-- Work instruction --
Exactly as written, write out the lines below from the first to the one containing "Este es un juego", inclusive. Pictures do not belong in the copy.

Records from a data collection
Start of Block

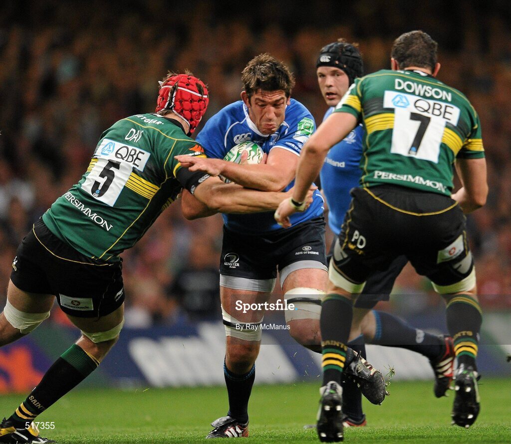 21 May 2011; Nathan Hines, Leinster, is tackled by Christian Day, left, and Phil Dowson, Northampton Saints. Heineken Cup Final, Leinster v Northampton Saints, Millennium Stadium, Cardiff, Wales. Picture credit: Ray McManus / SPORTSFILE
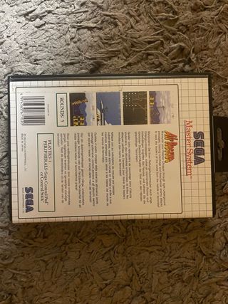 Este es un juego para la consola SEGA Master System. - Caja negra. - Incluye dos soportes blancos en la parte superior y dos ranuras en la parte inferior.
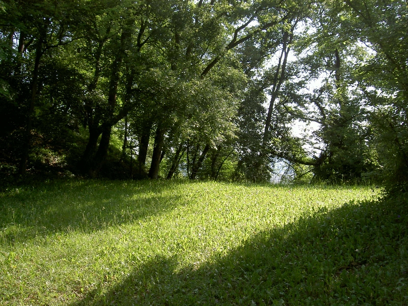 In Argagnon kleine Kirche mit wunderbarer Akustik, dann fast unsichtbarer Wiesenpfad. Sumpfiges Froschgequake in einem Seitenarm der Gave. Nach sonnigfrischer Talquerung langer schöner Waldanstieg nach Notre Dame de Muret; ich erwarte eine Kapelle, ist aber nur ein kitschiges Marterl, aber auf zauberhafter Waldlichtung. Also Laudate im Freien.
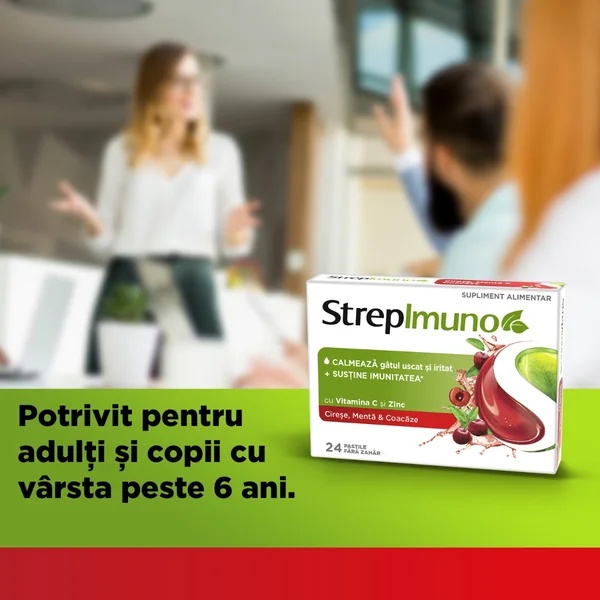 StrepImuno cu cirese, menta si coacaze fara zahar, 24 comprimate de supt, Reckitt
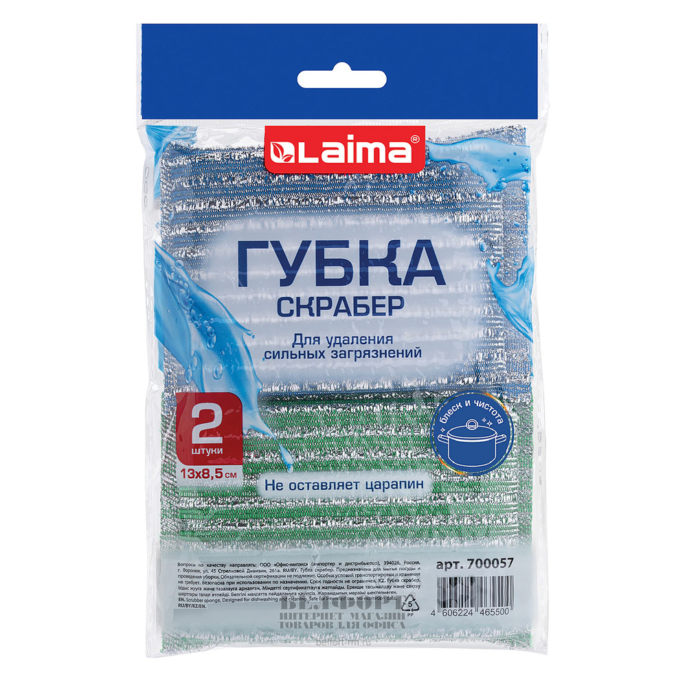 Добавить к сравнению179595Есть в наличии 22 уп.Губка (мочалка) для посуды, Laima, 13см*8,6см, 6шт, металл, по 15г
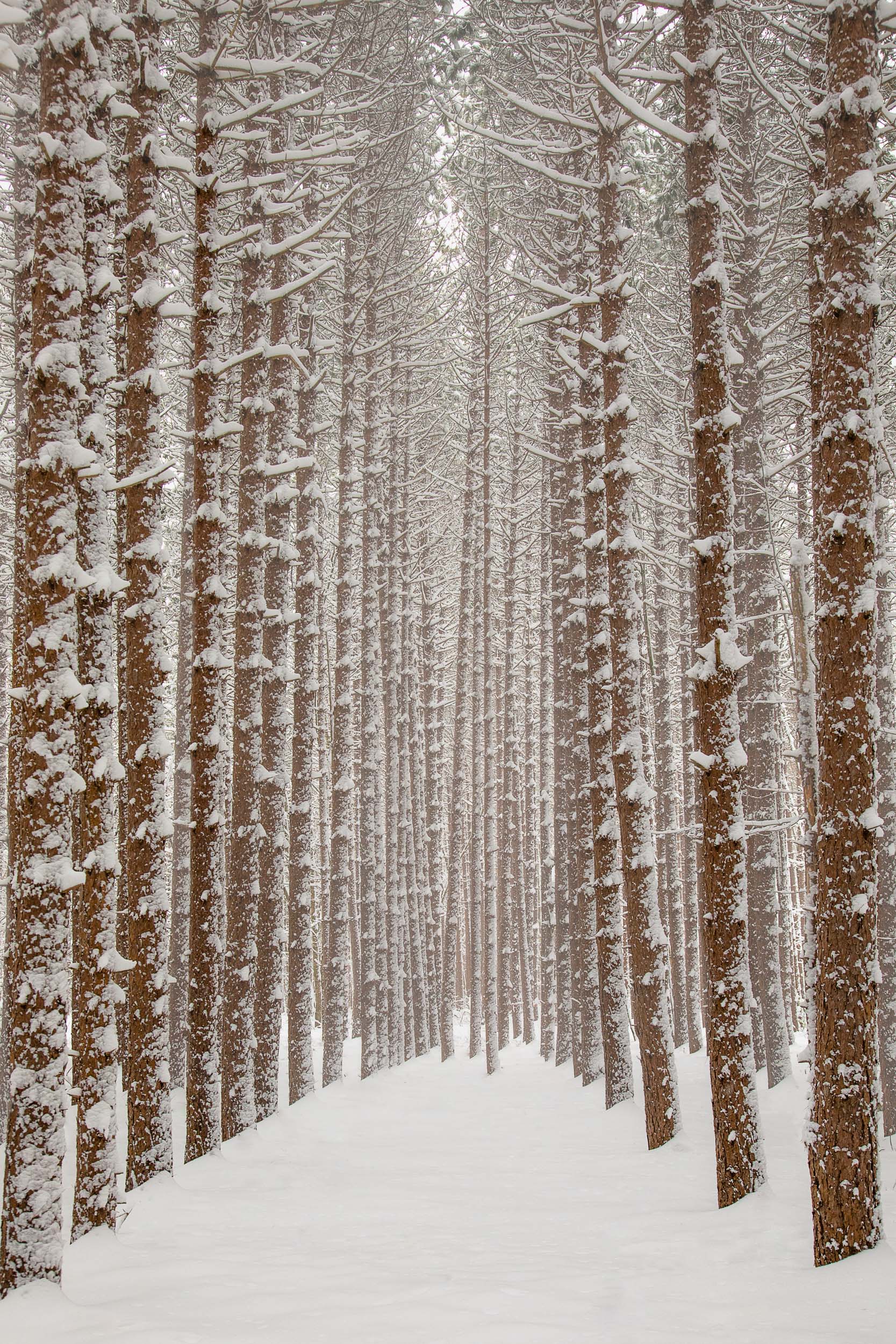 The first snow of the season freshly coats a pristine row of planted pine trees in Southern Maine.
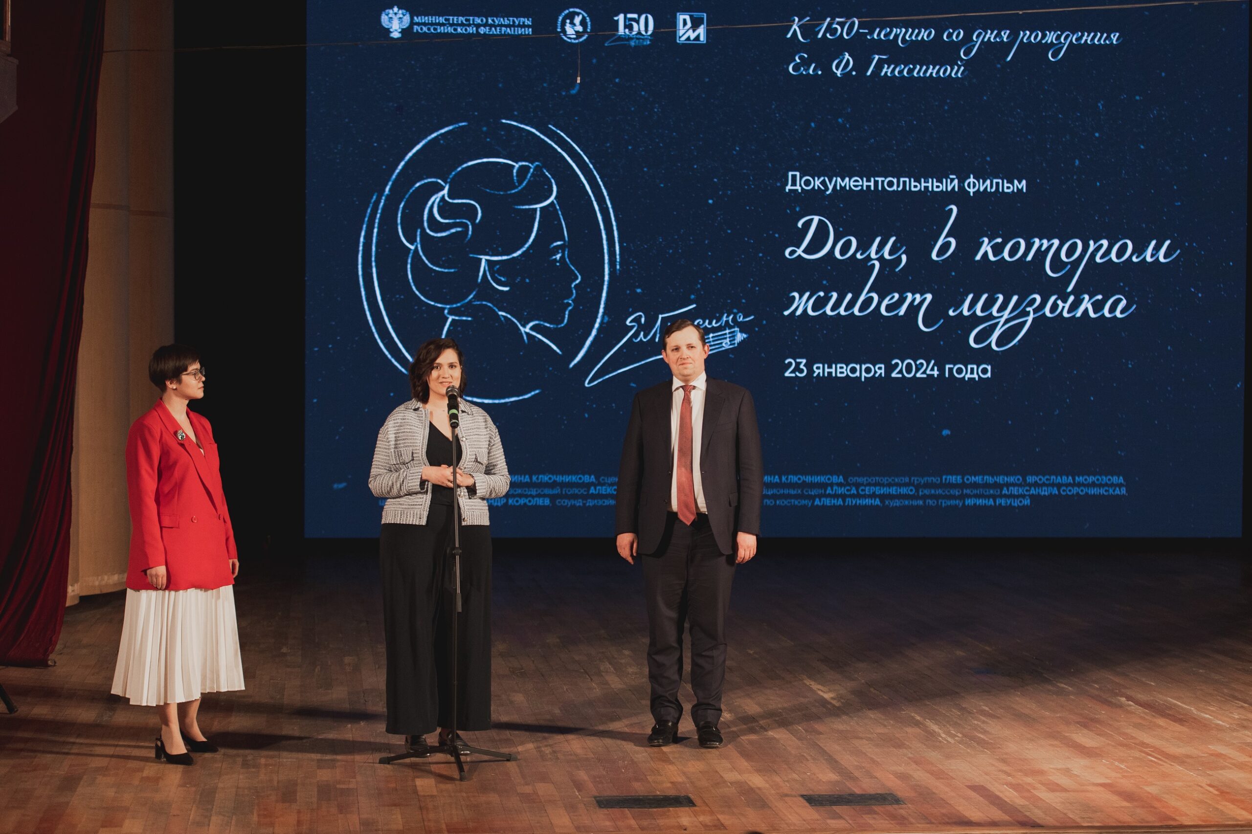 Показ картины «Дом, в котором живет музыка» собрал в Концертном зале Академии преподавателей, студентов и выпускников Гнесинки, а также коллег из других музыкальных образовательных учреждений и друзей учебного заведения и стал первым событием в 2024 году, приуроченным к празднованию 150-летия со дня рождения Елены Гнесиной.

End of Block

-- Written answer --
 21 May 2011; Nathan Hines, Leinster, is tackled by Christian Day, left, and Phil Dowson, Northampton Saints. Heineken Cup Final, Leinster v Northampton Saints, Millennium Stadium, Cardiff, Wales. Picture credit: Ray McManus / SPORTSFILE
 Este es un juego para la consola SEGA Master System. - Caja negra. - Incluye dos soportes blancos en la parte superior y dos ranuras en la parte inferior.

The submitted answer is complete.